* PROBLEM STATEMENT:
Please copy the lines below, exactly as they are, from the one with "maximaal € 231.132 bedragen." through the one with "explicaron los alumnos.", and leave out the pictures.

* INFORMATION:
------------------------

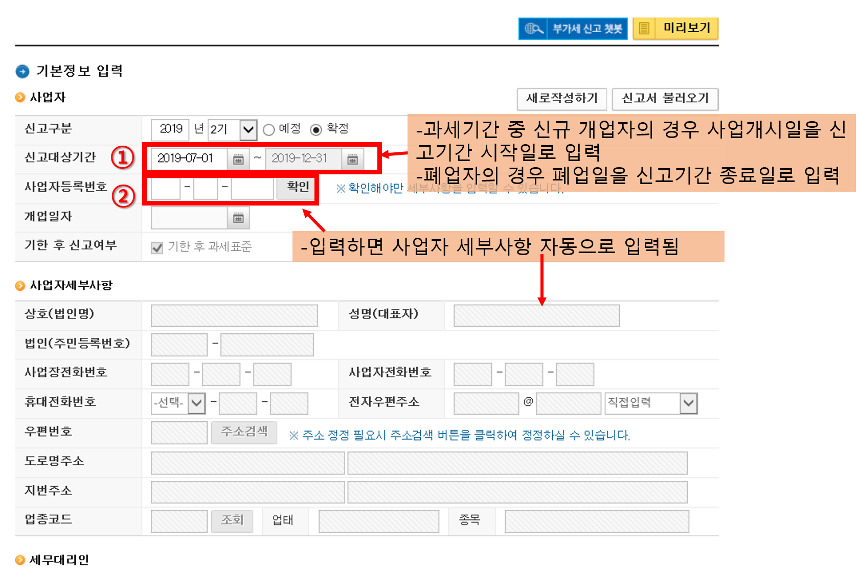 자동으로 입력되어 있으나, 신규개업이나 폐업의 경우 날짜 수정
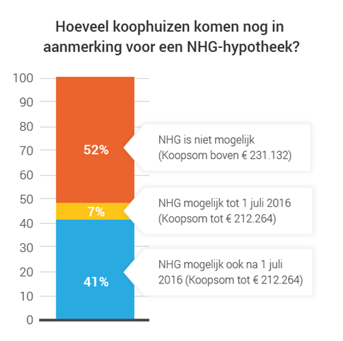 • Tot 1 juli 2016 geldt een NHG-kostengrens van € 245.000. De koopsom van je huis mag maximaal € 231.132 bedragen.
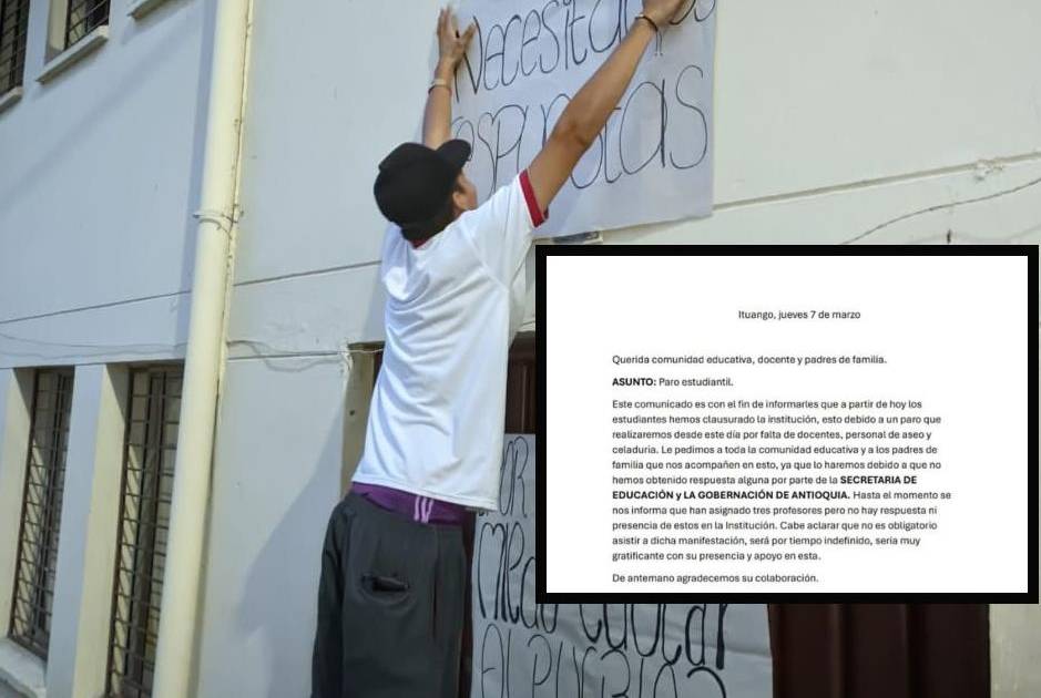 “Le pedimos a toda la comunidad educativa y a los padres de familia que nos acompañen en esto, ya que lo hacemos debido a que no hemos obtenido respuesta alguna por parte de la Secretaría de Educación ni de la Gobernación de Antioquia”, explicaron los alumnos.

------------------------

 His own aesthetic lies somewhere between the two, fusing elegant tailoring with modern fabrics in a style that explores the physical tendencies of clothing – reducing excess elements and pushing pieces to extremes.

------------------------

* OUTPUT:
 • Tot 1 juli 2016 geldt een NHG-kostengrens van € 245.000. De koopsom van je huis mag maximaal € 231.132 bedragen.
 “Le pedimos a toda la comunidad educativa y a los padres de familia que nos acompañen en esto, ya que lo hacemos debido a que no hemos obtenido respuesta alguna por parte de la Secretaría de Educación ni de la Gobernación de Antioquia”, explicaron los alumnos.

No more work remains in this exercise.